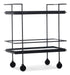 Industrial meets organic with the Commerce & Market bar cart. Offering a youthful sensibility and simple aesthetic, the bar cart combines a black metal frame and casters with a stone inlay top and bottom shelf.
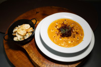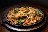 Arroz cremoso com feijão verde temperado com coentro, calabresa, cubos de peixe, camarões finalizado com queijo coalho crocante.
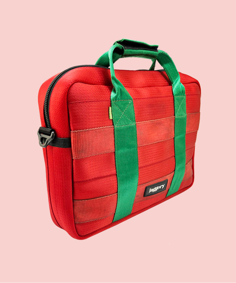 Introducing "Portuguese Christmas" - where vibrant traditions meet sustainable style. Inspired by the festive spirit and rich heritage of Portugal, this collection showcases the artistry of upcycling, merging decommissioned green and red cargo belts with black rescued seat belts to craft unique commuter bags.
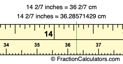 Centimeters is usually given in decimal form, so we have also converted the fractional answer to 14 2/7 inches to cm, to decimal form:
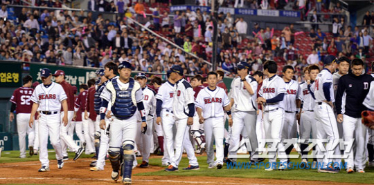주말 3연전을 쉬고 나온 넥센과 최근 롤러코스터를 타고 있는 두산의 경기가 21일 잠실 야구장에서 펼쳐 졌다. 8점차로 앞서던 5회 공격에서 넥센 강정호가 3루 도루를 감행하자 두산 투수 윤명준은 연속해서 두 타자를 몸에 맞추고 이과정에서 두팀은 벤치클리어링이 일어났다. 잠실=조병관기자 rainmaker@sportschosun.com

:: Exercise goal ::
From the listing, extract all text exactly as given and drop any picture.

:: Response area ::
 Industrial meets organic with the Commerce & Market bar cart. Offering a youthful sensibility and simple aesthetic, the bar cart combines a black metal frame and casters with a stone inlay top and bottom shelf.
 Arroz cremoso com feijão verde temperado com coentro, calabresa, cubos de peixe, camarões finalizado com queijo coalho crocante.
 Introducing "Portuguese Christmas" - where vibrant traditions meet sustainable style. Inspired by the festive spirit and rich heritage of Portugal, this collection showcases the artistry of upcycling, merging decommissioned green and red cargo belts with black rescued seat belts to craft unique commuter bags.
 Centimeters is usually given in decimal form, so we have also converted the fractional answer to 14 2/7 inches to cm, to decimal form:
주말 3연전을 쉬고 나온 넥센과 최근 롤러코스터를 타고 있는 두산의 경기가 21일 잠실 야구장에서 펼쳐 졌다. 8점차로 앞서던 5회 공격에서 넥센 강정호가 3루 도루를 감행하자 두산 투수 윤명준은 연속해서 두 타자를 몸에 맞추고 이과정에서 두팀은 벤치클리어링이 일어났다. 잠실=조병관기자 rainmaker@sportschosun.com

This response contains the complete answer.